/---
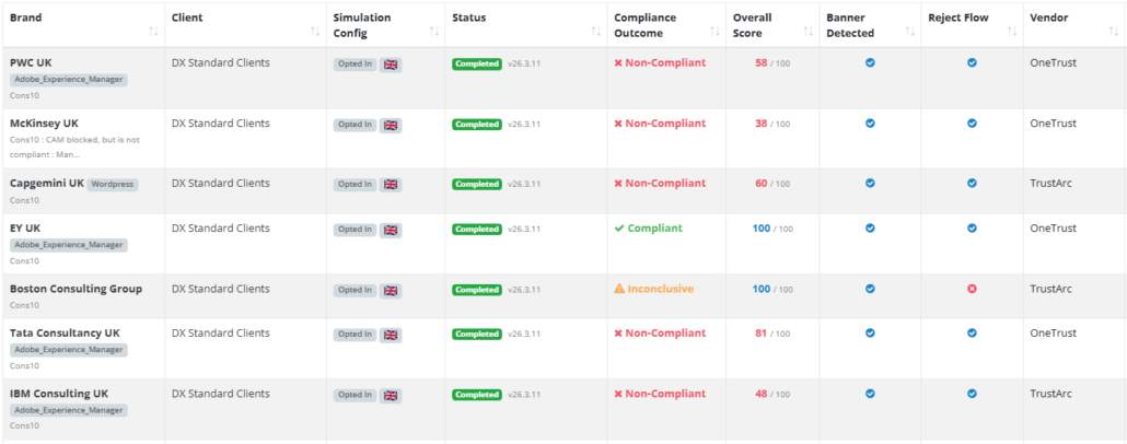 We monitor privacy compliance across enterprise website portfolios including healthcare, pharmaceutical, and technology organisations.
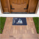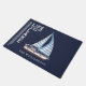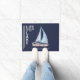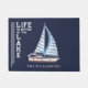 Doormat de casa de lago único personalizado con el nombre de su familia y decorado con un velero con velas azul cielo, rayas blancas y el dicho "La vida es mejor en el lago". La plantilla facilita el escribir el nombre de la familia, el nombre de un barco u otro texto.
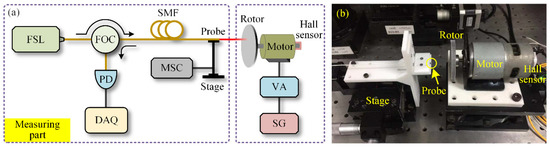To verify the proposed method, an experimental system was built, as shown in Figure 4. The FSL (Arcadia Optronix, GC-760001c, frequency-swept range 196,250 GHz-191,386 GHz, sweeping period 0.486 ms, coherent length < 95 m.) was adopted as the laser source, and the FSI signal detected by the PD was acquired by the DAQ with a sampling rate of 5 MSa/s. The probe was a cleaved single-mode fiber (output laser beam divergence was about 8°). The position of the probe can be adjusted by the motorized stage (adjusting accuracy was better than 1 μm). The rotational motion of the aluminum rotor was provided by the motor. The driving voltage of the motor was generated by the signal generator (DG4102, RIGOL) and amplified by the voltage amplifier (HAS 4011, NF Corporation). The rotational speed was monitored by the Hall sensor installed at the end of the motor.
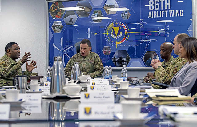 U.S. Air Force Lt. Gen John D. Lamontagne, U.S. Air Forces in Europe-Air Forces Africa deputy commander, is briefed on the 86th Airlift Wing mission by Brig. Gen. Otis C. Jones, 86 AW commander, and other senior leaders at Ramstein Air Base, March 22. Lamontagne took a tour of Ramstein AB and met the Airmen who support the mission on a daily basis. Photos by Airman 1st Class Tabatha Chapman
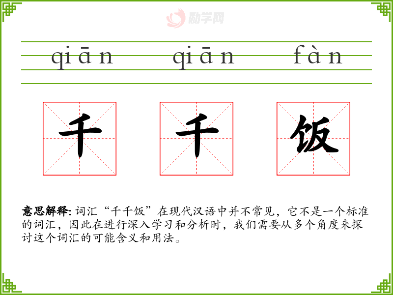 通过对“千千饭”这个词汇的分析,我们可以看到它在语言中的灵活性和可能的象征意义。尽管它不是一个常用词汇,但它可以作为一个有趣的元素,用于文学创作或日常交流中,增添语言的趣味性和丰富性。
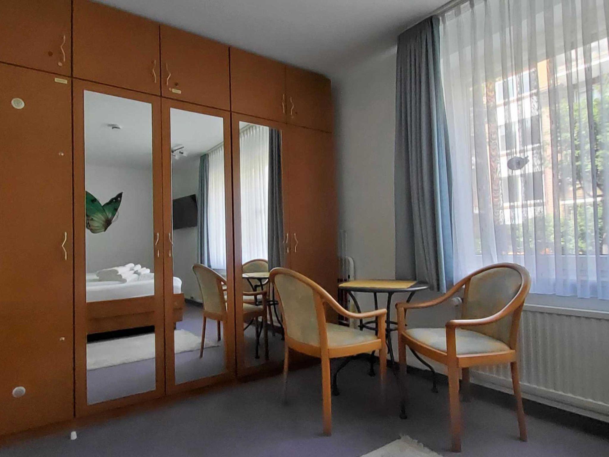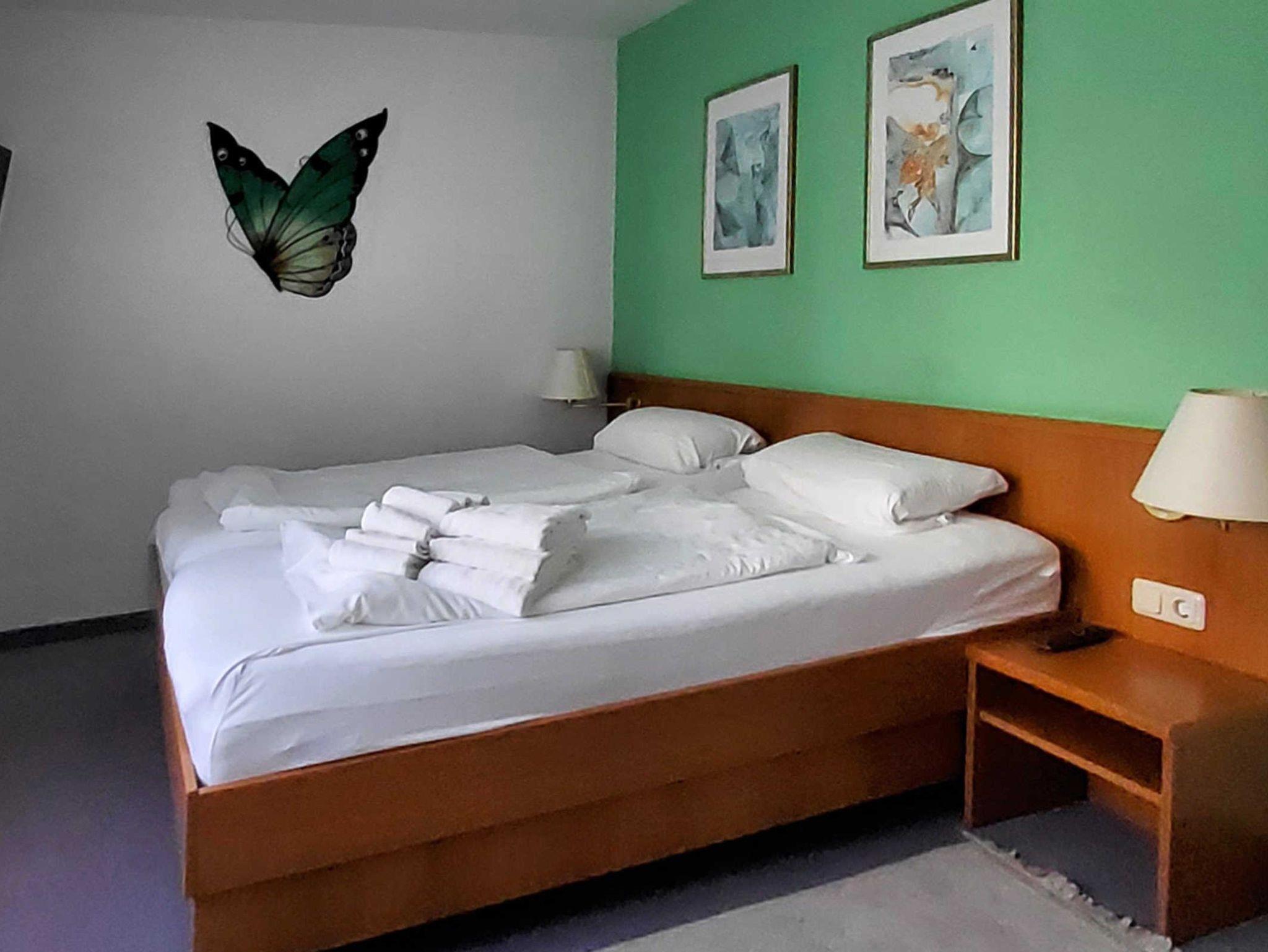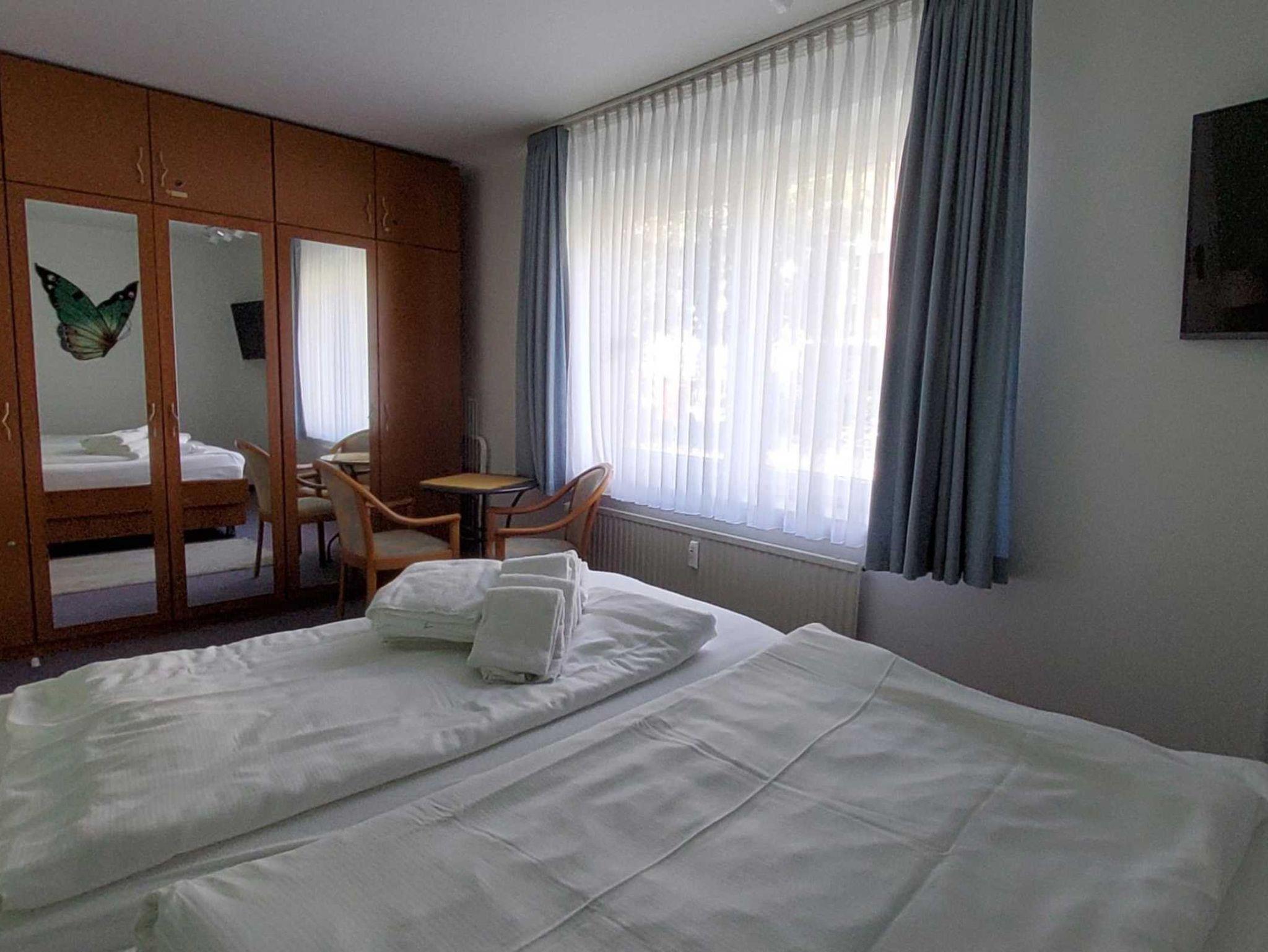 Schlafzimmer: Komfortables Doppelbett mit erhöhter Liegefläche und Topper für einen erholsamen Schlaf, verstellbaren Lattenrosten, großer Kleiderschrank mit Ganzkörperspiegel, verstellbaren zweiter 42(108 cm) LED-TV mit Internetfunktion, kleiner Sitzgruppe, kostenloser Tresor, Fenster mit Verdunklungsrollo, abschließbare Fenstergriffe, Radiowecker.
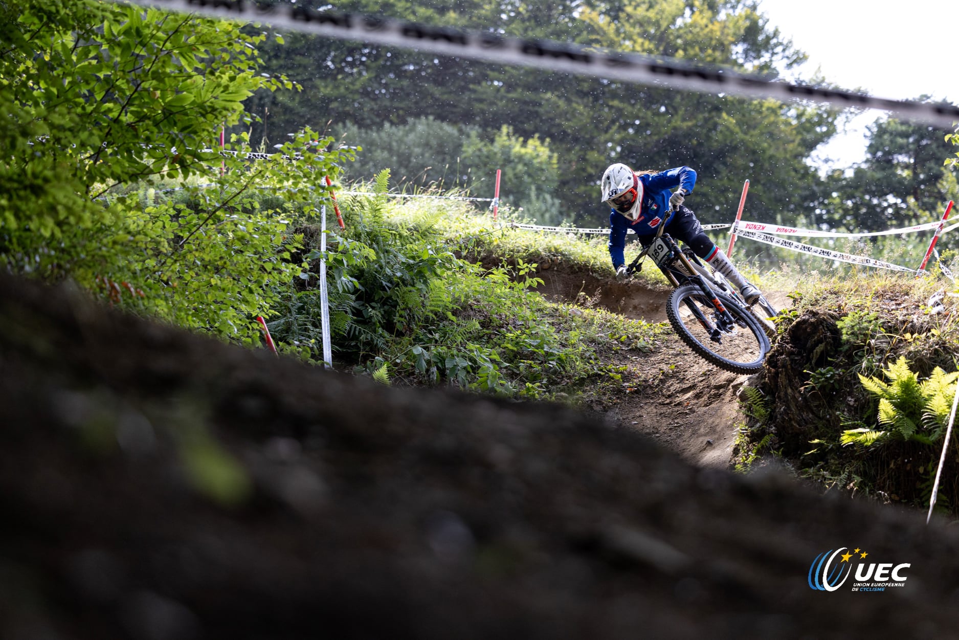 Pas de catégorie Espoirs en descente, on passe directement des Elites aux Juniors (ou l’inverse). Le podium est inédit chez les femmes avec certaines nations pas (encore ?) très représentées au plus haut niveau : la Bulgare Izabela Yankova a remporté le titre en devançant l’Autrichienne Sophie Gutöhrle et la Norvégienne Kine Haugom. Léona Pierrini termine à la 5e place, juste devant Vicky Clavel.
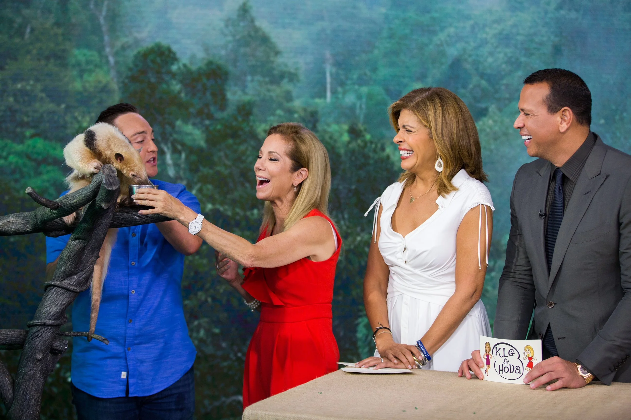 Kathie Lee feeding Gus the Tamandua. Photo Courtesy Nathan Congleton, Today Show Photographer.
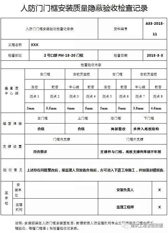 4、隱檢:在門框安裝固定后,在安裝班組自檢的基礎上,檢測單位要提前介入對先期安裝的門框質量進行質檢,以對下一步的安裝質量控制,起一個示范引領作用;監理機構在封模隱蔽前,要對門框安裝質量逐樘進行檢查驗收。隱檢的主要內容有:左門框左右方向、前后方向垂直度;右門框左右方向、前后方向垂直度;門框鉸頁座板中心線和前后方向垂直度;檢查錨固鉤與門框的搭接長度、焊接質量和間距,檢查支撐固定等內容,并填寫門框安裝分項工程驗收記錄表,不符合要求的應及時下達整改指令(參見附件:《人防門門框安裝質量隱蔽驗收記錄表》)。
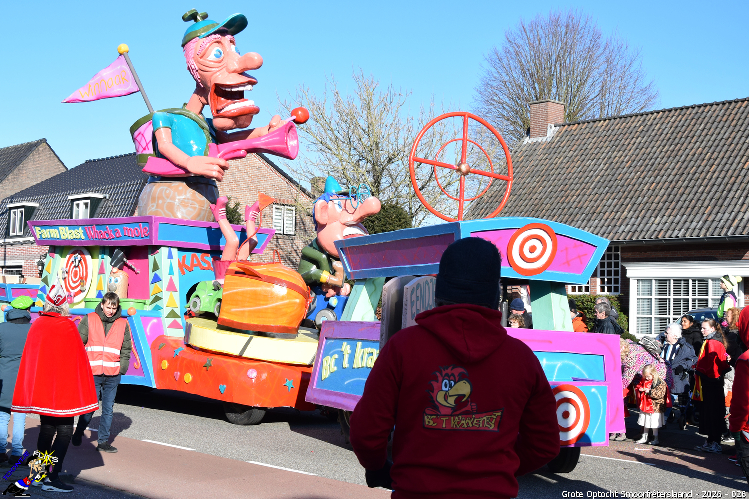 Voor een klein dorp als Bosschenhoofd is de carnavalsoptocht een gebeurtenis waar we met recht trots op mogen zijn. De mix en het aantal van de enkelingen, groepen en wagens maken er elk jaar weer een ongekend spektakel van waar mensen van verre naar komen kijken. Er zijn natuurlijk veel meer foto's gemaakt dan we hier kunnen tonen; deze zijn altijd te bestellen bij Toontje Flits fotografen of via:
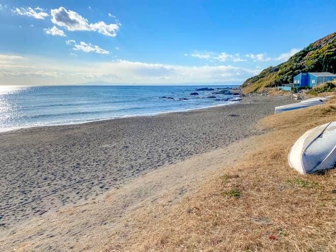 神奈川県の三浦半島にある「和田長浜海岸」は、海水浴シーズンオフの利用者が少ない時期であれば、砂浜での海辺キャンプを無料で楽しむことができます。
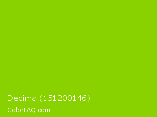 Decimal 151200146 Color is a normal green color and the nearest color is Sheen Green #8fd400. Hex code #89d200 and RGB value is rgb(137,210,0). In RGB color space, this color is composed of 54% red, 82% green, 0% blue, In CMYK color space, this color is composed of 35% cyan, 0% magenta, 100% yellow , 18% black , In HSL color space, this color has a hue angle of 81° , 100% saturation and 41% lightness.
\---
What to do – The material above should be returned exactly, without pictures.

Exercise result –
 We monitor privacy compliance across enterprise website portfolios including healthcare, pharmaceutical, and technology organisations.
 Doormat de casa de lago único personalizado con el nombre de su familia y decorado con un velero con velas azul cielo, rayas blancas y el dicho "La vida es mejor en el lago". La plantilla facilita el escribir el nombre de la familia, el nombre de un barco u otro texto.
To verify the proposed method, an experimental system was built, as shown in Figure 4. The FSL (Arcadia Optronix, GC-760001c, frequency-swept range 196,250 GHz-191,386 GHz, sweeping period 0.486 ms, coherent length < 95 m.) was adopted as the laser source, and the FSI signal detected by the PD was acquired by the DAQ with a sampling rate of 5 MSa/s. The probe was a cleaved single-mode fiber (output laser beam divergence was about 8°). The position of the probe can be adjusted by the motorized stage (adjusting accuracy was better than 1 μm). The rotational motion of the aluminum rotor was provided by the motor. The driving voltage of the motor was generated by the signal generator (DG4102, RIGOL) and amplified by the voltage amplifier (HAS 4011, NF Corporation). The rotational speed was monitored by the Hall sensor installed at the end of the motor.
 U.S. Air Force Lt. Gen John D. Lamontagne, U.S. Air Forces in Europe-Air Forces Africa deputy commander, is briefed on the 86th Airlift Wing mission by Brig. Gen. Otis C. Jones, 86 AW commander, and other senior leaders at Ramstein Air Base, March 22. Lamontagne took a tour of Ramstein AB and met the Airmen who support the mission on a daily basis. Photos by Airman 1st Class Tabatha Chapman
 通过对“千千饭”这个词汇的分析,我们可以看到它在语言中的灵活性和可能的象征意义。尽管它不是一个常用词汇,但它可以作为一个有趣的元素,用于文学创作或日常交流中,增添语言的趣味性和丰富性。
 Schlafzimmer: Komfortables Doppelbett mit erhöhter Liegefläche und Topper für einen erholsamen Schlaf, verstellbaren Lattenrosten, großer Kleiderschrank mit Ganzkörperspiegel, verstellbaren zweiter 42(108 cm) LED-TV mit Internetfunktion, kleiner Sitzgruppe, kostenloser Tresor, Fenster mit Verdunklungsrollo, abschließbare Fenstergriffe, Radiowecker.
 Pas de catégorie Espoirs en descente, on passe directement des Elites aux Juniors (ou l’inverse). Le podium est inédit chez les femmes avec certaines nations pas (encore ?) très représentées au plus haut niveau : la Bulgare Izabela Yankova a remporté le titre en devançant l’Autrichienne Sophie Gutöhrle et la Norvégienne Kine Haugom. Léona Pierrini termine à la 5e place, juste devant Vicky Clavel.
 Kathie Lee feeding Gus the Tamandua. Photo Courtesy Nathan Congleton, Today Show Photographer.
 4、隱檢:在門框安裝固定后,在安裝班組自檢的基礎上,檢測單位要提前介入對先期安裝的門框質量進行質檢,以對下一步的安裝質量控制,起一個示范引領作用;監理機構在封模隱蔽前,要對門框安裝質量逐樘進行檢查驗收。隱檢的主要內容有:左門框左右方向、前后方向垂直度;右門框左右方向、前后方向垂直度;門框鉸頁座板中心線和前后方向垂直度;檢查錨固鉤與門框的搭接長度、焊接質量和間距,檢查支撐固定等內容,并填寫門框安裝分項工程驗收記錄表,不符合要求的應及時下達整改指令(參見附件:《人防門門框安裝質量隱蔽驗收記錄表》)。
 Voor een klein dorp als Bosschenhoofd is de carnavalsoptocht een gebeurtenis waar we met recht trots op mogen zijn. De mix en het aantal van de enkelingen, groepen en wagens maken er elk jaar weer een ongekend spektakel van waar mensen van verre naar komen kijken. Er zijn natuurlijk veel meer foto's gemaakt dan we hier kunnen tonen; deze zijn altijd te bestellen bij Toontje Flits fotografen of via:
 神奈川県の三浦半島にある「和田長浜海岸」は、海水浴シーズンオフの利用者が少ない時期であれば、砂浜での海辺キャンプを無料で楽しむことができます。
 Decimal 151200146 Color is a normal green color and the nearest color is Sheen Green #8fd400. Hex code #89d200 and RGB value is rgb(137,210,0). In RGB color space, this color is composed of 54% red, 82% green, 0% blue, In CMYK color space, this color is composed of 35% cyan, 0% magenta, 100% yellow , 18% black , In HSL color space, this color has a hue angle of 81° , 100% saturation and 41% lightness.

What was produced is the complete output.